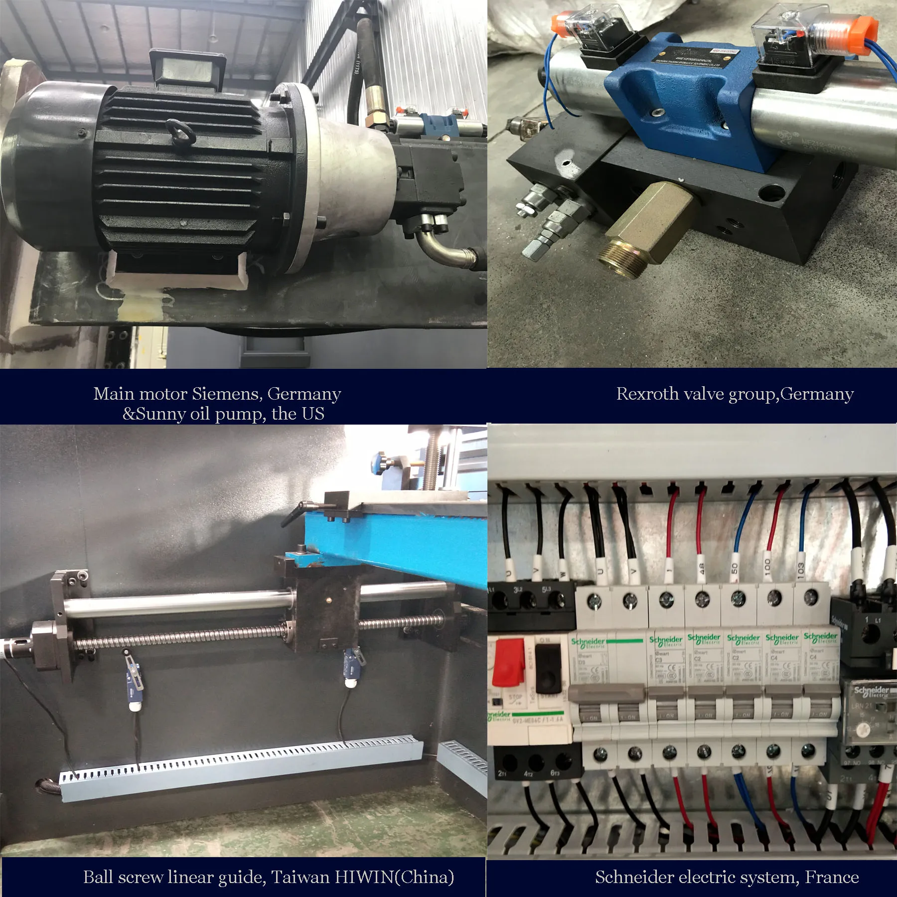 Основная конфигурация-импортная Высококачественная продукция, а профессиональная команда контроля качества продукции обеспечивает высокое качество, точность и срок службы машины. Например, Германия Bosch-Rexroth Клапанная группа, Германия Siemens главный двигатель, Schneider электрика системы и так далее. После того, как наша машина будет протестирована как квалифицированная, она будет отправлена. Поэтому качество нашей продукции является стабильным и надежным.
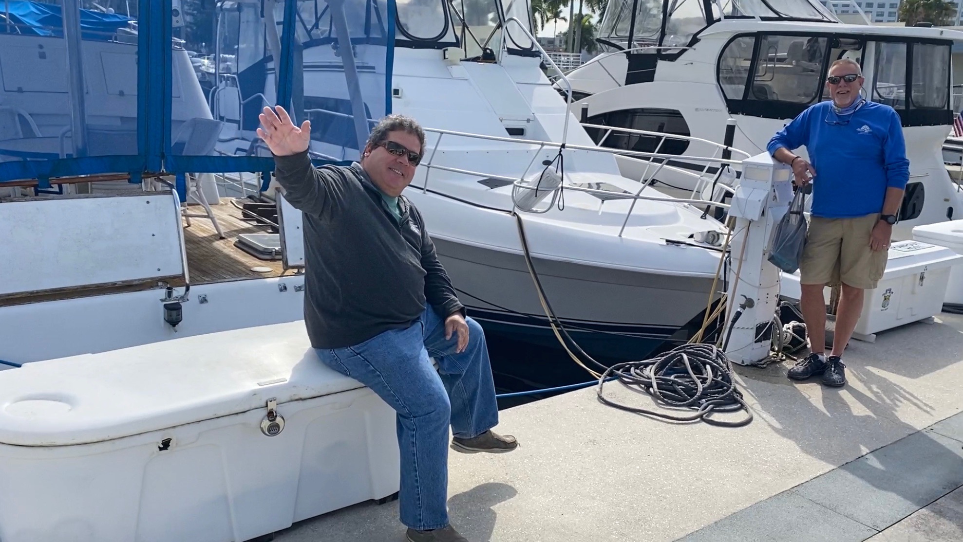 We usually stay at Legacy Harbor Marina when passing through Fort Myers, a very nice spot with floating docks. They typically only have one dock that can accommodate us and usually only for one night. Because of that and because we thought we’d be taking on fuel (no fuel at Legacy) we decided to try out the city marina, Fort Myers Yacht Basin. As it turned out, River Forest had fulfilled our fuel-up request (we thought they hadn’t) but it was still nice to try something new. Almost exactly five hours after our departure, we pulled easily into their east basin for an alongside tie and breathed a sigh of relief after we were securely tied after our first run was successful and complete. Our friend Brian of Shady Harbor Marina back in New York happened to be staying there and along with our friends from Chasing 80 who were visiting with him, so we got a very big and warm welcome as we pulled up. Jasper is always thrilled to arrive but he goes particularly nuts when he sees familiar faces.
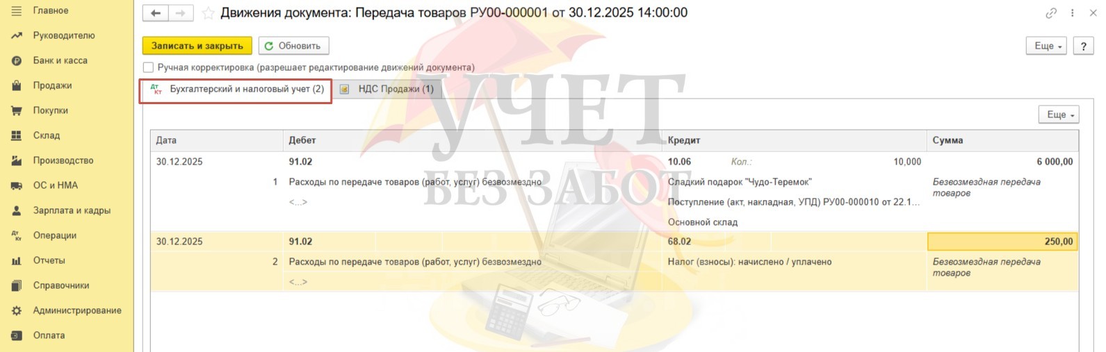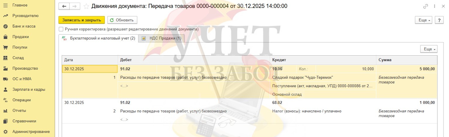 После проведения документа стоимость переданных подарков списывается в расходы только по бухгалтерскому учету на счет 91.02. Регистр «Книга учета доходов и расходов (раздел I)» не сформирован.
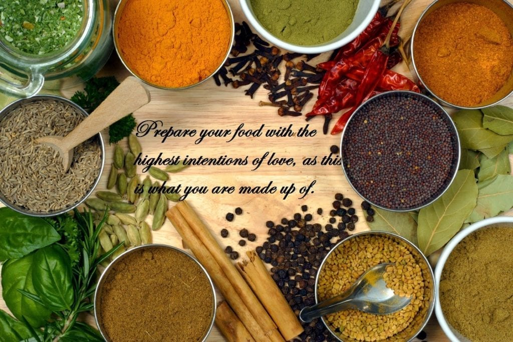 1. Try to prepare food after you have filled up yourself with happy and loving thoughts. Try to avoid cooking when you are angry.
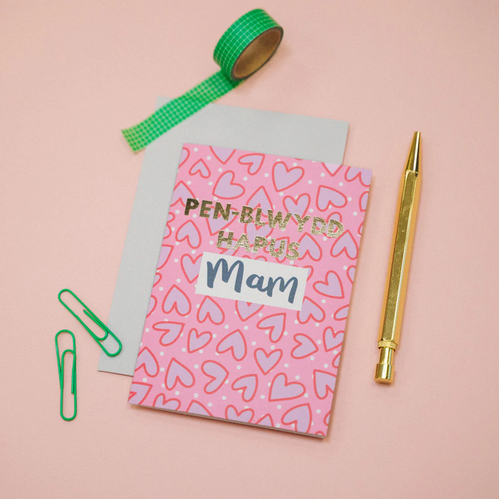 'Pen-blwydd Hapus Mam' is Welsh for 'Happy Birthday Mum'.
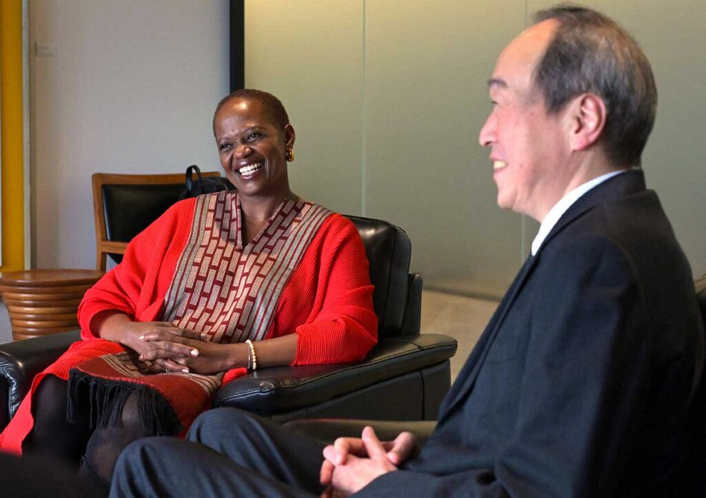 シンポジウムに先立ち、ワンジラ・マータイさんが毎日新聞東京本社を訪問し、松木健社長と会談しました。松木社長はこれまでの尽力に感謝した上で「地球環境の保護に向けて今後も協力をお願いしたい」と要請。ワンジラさんは「これまでも毎日新聞社との活動に私自身も刺激を受けてきた。これからも協力していきたい」と応じました。 深刻化する気候変動問題について、ワンジラさんが「人々は危機感を持ちながら、行動が起こされていない」との認識を示すと、松木社長は「MOTTAINAIという言葉は行動に移すためのシンボルになる。この言葉を世界中に広げて、共通語にしていきたい」と応じました。
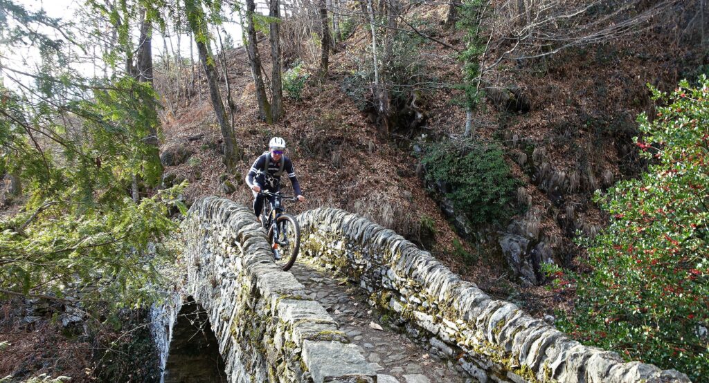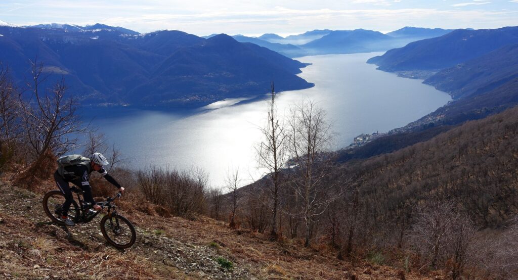 Auf geschichtsträchtigen Pfaden biken wir durch alte Kastanien- und Birkenwälder und durch aussichtsreiche Bergflanken. Immer wieder geniessen wir dabei unglaubliche Ausblicke zum tief unter uns gelegenen See und erleben die Lepontinischen Alpen mit voller Wucht und in ihrer beeindruckenden Einzigartigkeit.
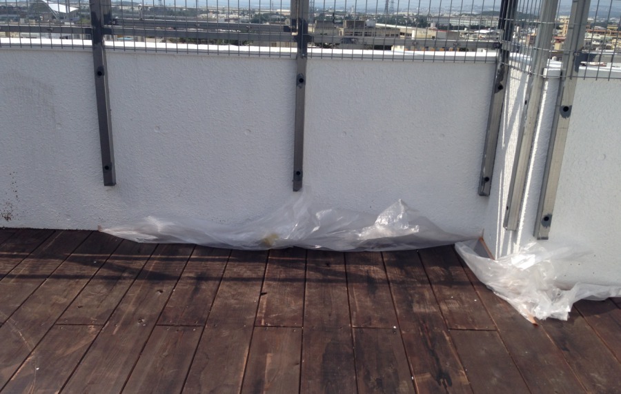 ちなみに養生しようとして吹き飛んだビニールがこちら。もう何をやってもダメ。全部吹っ飛びます。
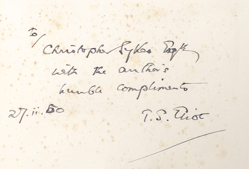 Of a craving for something I cannot find And of the shame of never finding it": First edition of The Cocktail Party; Inscribed by T.S. Eliot before Publication to Friend Christopher Sykes
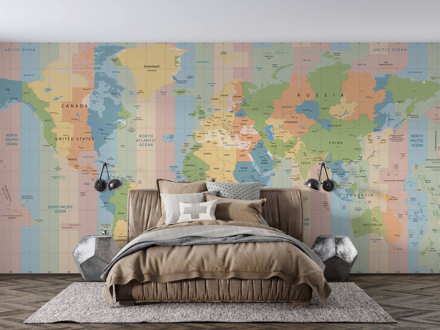 Discover a vast range of beautiful world map wallpaper mural selections from Ever Wallpaper. This stunning world map wall mural is ideal for adding a splash of colour to any place in your bedroom or home office.
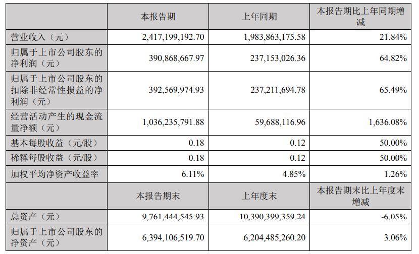 2023年半年度公司实现营业收入24.17亿元,同比增长21.84%;实现归属于上市公司股东净利润3.91亿元,同比增长64.82%,归属于上市公司股东的扣除非经常性损益的净利润3.93亿元,同比增长65.49%。
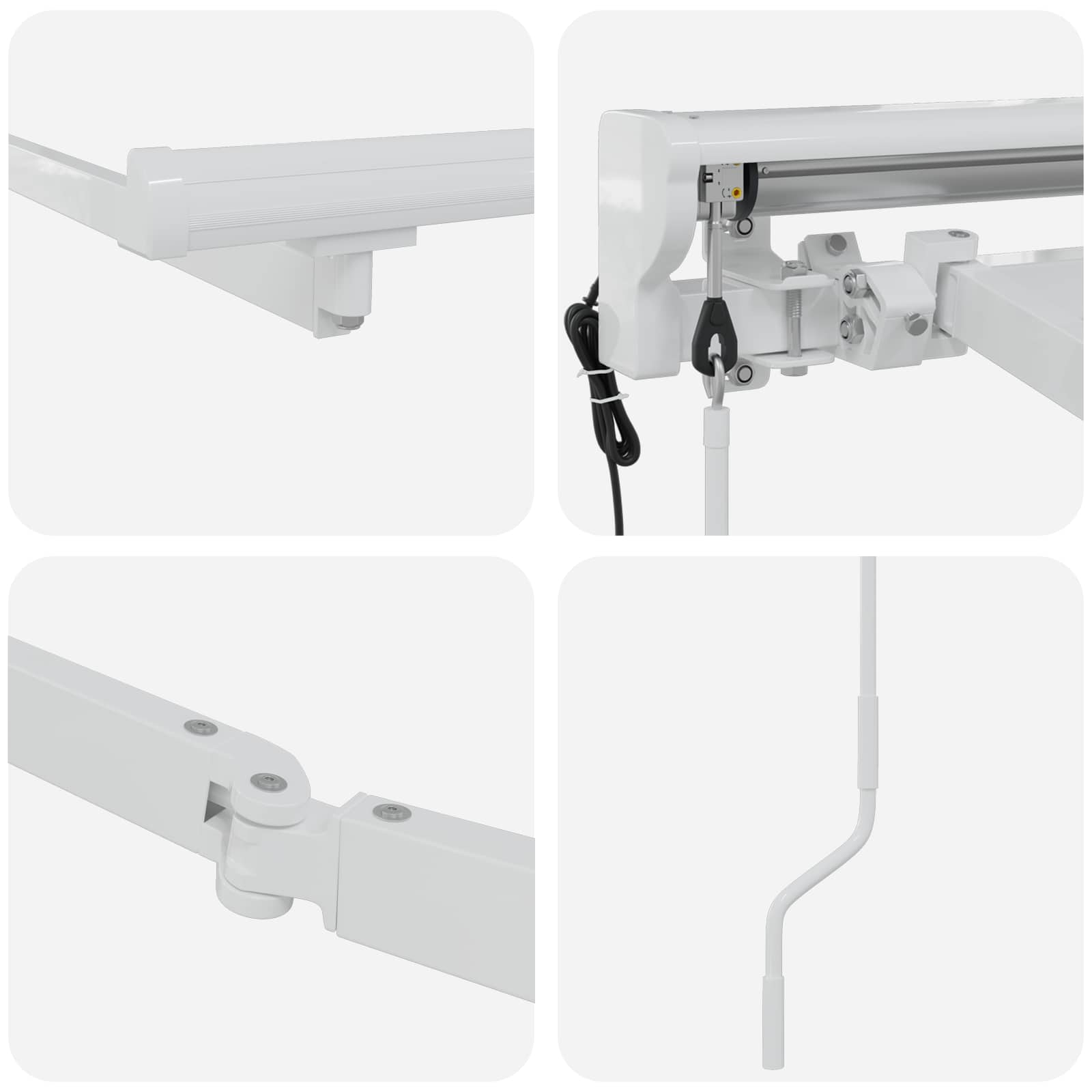• Ominaisuudet: Rungossa on vetäytyvät käsivarret, jotka tekevät käytöstä sujuvaa ja helppoa. Kankaan mekanismi on yksinkertainen, ja mukana tulevat asennustarvikkeet varmistavat vakauden ja turvallisuuden seinäasennuksessa.
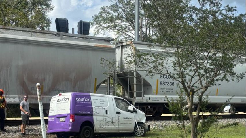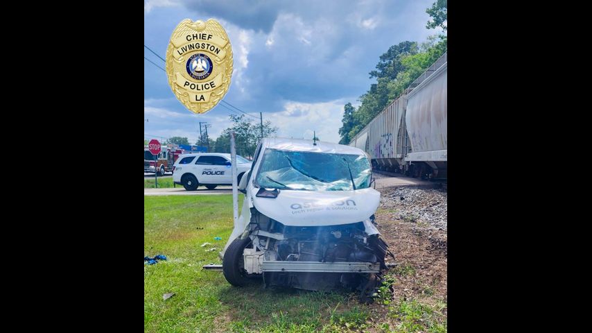 Train hits van just off US 190 in town of Livingston; one brought to hospital via Air Med
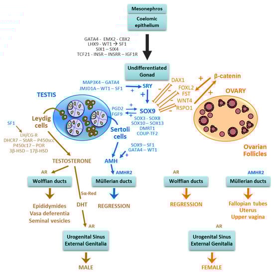The ground-breaking observations made by Jost almost seventy years ago [56] taught us that the differentiation of the gonadal ridges into testes is determinant for the virilisation of the foetus. This is due to the fact that the testes have two endocrine cell populations: Leydig cells produce androgens, which induce the differentiation of the Wolffian duct into the epididymis, vas deferens and seminal vesicles and the virilisation of the primordia of the external genitalia [57], and Sertoli cells secrete anti-Müllerian hormone (AMH), responsible for the regression of the Müllerian ducts, which otherwise form the Fallopian tubes, the uterus and the upper vagina [58,59] (Figure 1).
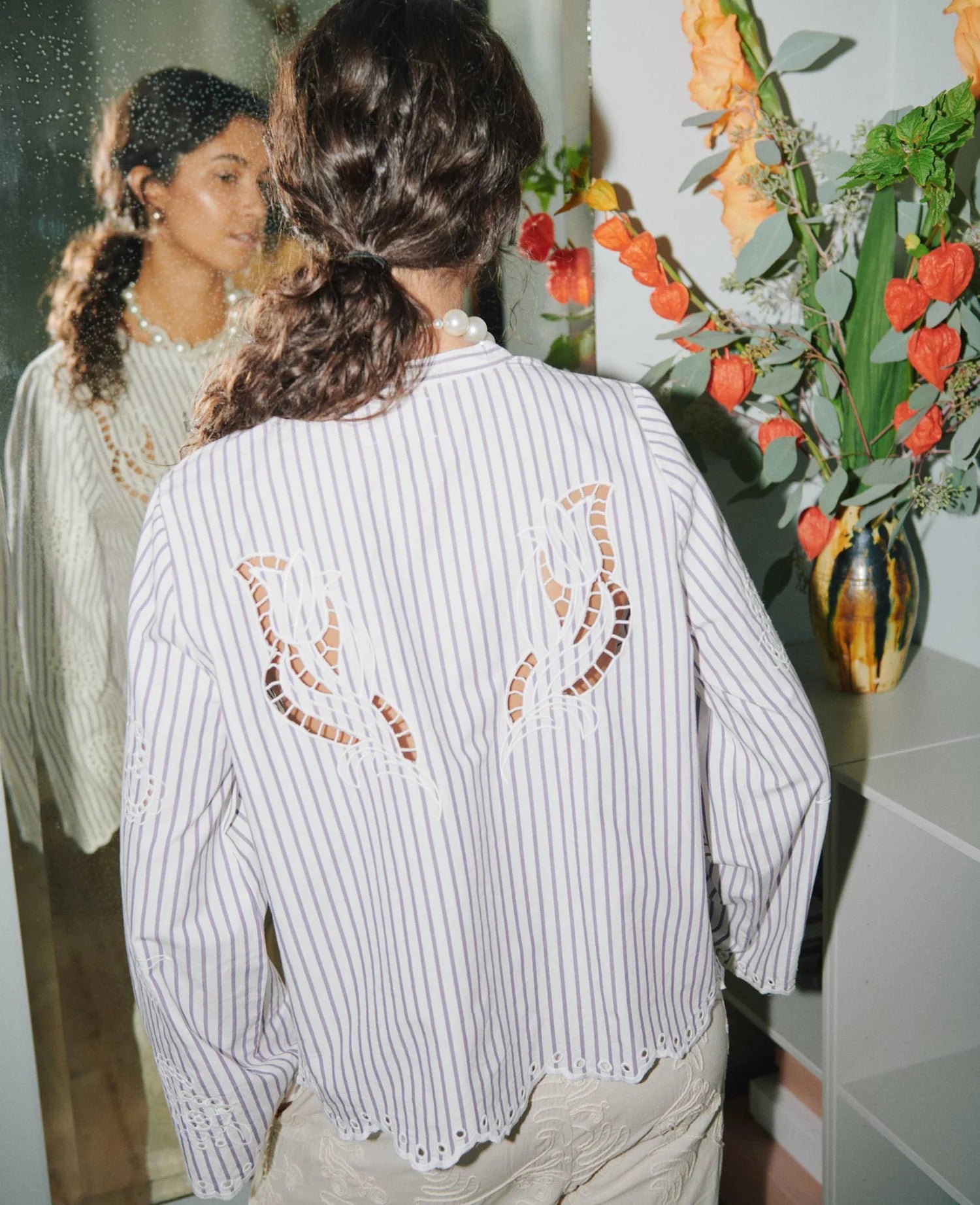 Cecilie Shirt fra SISSEL EDELBO er en feminin og afslappet skjorte med et unikt, håndværkspræget udtryk. Skjorten er fremstillet af leftover cotton med yarn-dyed stripes og har en relaxed fit, der giver et let og ubesværet look.
------------------------------------------------
Exercise goal:
Restate, word for word, the entries above, dropping any picture.

Solution:
 Основная конфигурация-импортная Высококачественная продукция, а профессиональная команда контроля качества продукции обеспечивает высокое качество, точность и срок службы машины. Например, Германия Bosch-Rexroth Клапанная группа, Германия Siemens главный двигатель, Schneider электрика системы и так далее. После того, как наша машина будет протестирована как квалифицированная, она будет отправлена. Поэтому качество нашей продукции является стабильным и надежным.
 We usually stay at Legacy Harbor Marina when passing through Fort Myers, a very nice spot with floating docks. They typically only have one dock that can accommodate us and usually only for one night. Because of that and because we thought we’d be taking on fuel (no fuel at Legacy) we decided to try out the city marina, Fort Myers Yacht Basin. As it turned out, River Forest had fulfilled our fuel-up request (we thought they hadn’t) but it was still nice to try something new. Almost exactly five hours after our departure, we pulled easily into their east basin for an alongside tie and breathed a sigh of relief after we were securely tied after our first run was successful and complete. Our friend Brian of Shady Harbor Marina back in New York happened to be staying there and along with our friends from Chasing 80 who were visiting with him, so we got a very big and warm welcome as we pulled up. Jasper is always thrilled to arrive but he goes particularly nuts when he sees familiar faces.
 После проведения документа стоимость переданных подарков списывается в расходы только по бухгалтерскому учету на счет 91.02. Регистр «Книга учета доходов и расходов (раздел I)» не сформирован.
 1. Try to prepare food after you have filled up yourself with happy and loving thoughts. Try to avoid cooking when you are angry.
 'Pen-blwydd Hapus Mam' is Welsh for 'Happy Birthday Mum'.
 シンポジウムに先立ち、ワンジラ・マータイさんが毎日新聞東京本社を訪問し、松木健社長と会談しました。松木社長はこれまでの尽力に感謝した上で「地球環境の保護に向けて今後も協力をお願いしたい」と要請。ワンジラさんは「これまでも毎日新聞社との活動に私自身も刺激を受けてきた。これからも協力していきたい」と応じました。 深刻化する気候変動問題について、ワンジラさんが「人々は危機感を持ちながら、行動が起こされていない」との認識を示すと、松木社長は「MOTTAINAIという言葉は行動に移すためのシンボルになる。この言葉を世界中に広げて、共通語にしていきたい」と応じました。
 Auf geschichtsträchtigen Pfaden biken wir durch alte Kastanien- und Birkenwälder und durch aussichtsreiche Bergflanken. Immer wieder geniessen wir dabei unglaubliche Ausblicke zum tief unter uns gelegenen See und erleben die Lepontinischen Alpen mit voller Wucht und in ihrer beeindruckenden Einzigartigkeit.
 ちなみに養生しようとして吹き飛んだビニールがこちら。もう何をやってもダメ。全部吹っ飛びます。
 Of a craving for something I cannot find And of the shame of never finding it": First edition of The Cocktail Party; Inscribed by T.S. Eliot before Publication to Friend Christopher Sykes
 Discover a vast range of beautiful world map wallpaper mural selections from Ever Wallpaper. This stunning world map wall mural is ideal for adding a splash of colour to any place in your bedroom or home office.
 2023年半年度公司实现营业收入24.17亿元,同比增长21.84%;实现归属于上市公司股东净利润3.91亿元,同比增长64.82%,归属于上市公司股东的扣除非经常性损益的净利润3.93亿元,同比增长65.49%。
• Ominaisuudet: Rungossa on vetäytyvät käsivarret, jotka tekevät käytöstä sujuvaa ja helppoa. Kankaan mekanismi on yksinkertainen, ja mukana tulevat asennustarvikkeet varmistavat vakauden ja turvallisuuden seinäasennuksessa.
 Train hits van just off US 190 in town of Livingston; one brought to hospital via Air Med
The ground-breaking observations made by Jost almost seventy years ago [56] taught us that the differentiation of the gonadal ridges into testes is determinant for the virilisation of the foetus. This is due to the fact that the testes have two endocrine cell populations: Leydig cells produce androgens, which induce the differentiation of the Wolffian duct into the epididymis, vas deferens and seminal vesicles and the virilisation of the primordia of the external genitalia [57], and Sertoli cells secrete anti-Müllerian hormone (AMH), responsible for the regression of the Müllerian ducts, which otherwise form the Fallopian tubes, the uterus and the upper vagina [58,59] (Figure 1).
 Cecilie Shirt fra SISSEL EDELBO er en feminin og afslappet skjorte med et unikt, håndværkspræget udtryk. Skjorten er fremstillet af leftover cotton med yarn-dyed stripes og har en relaxed fit, der giver et let og ubesværet look.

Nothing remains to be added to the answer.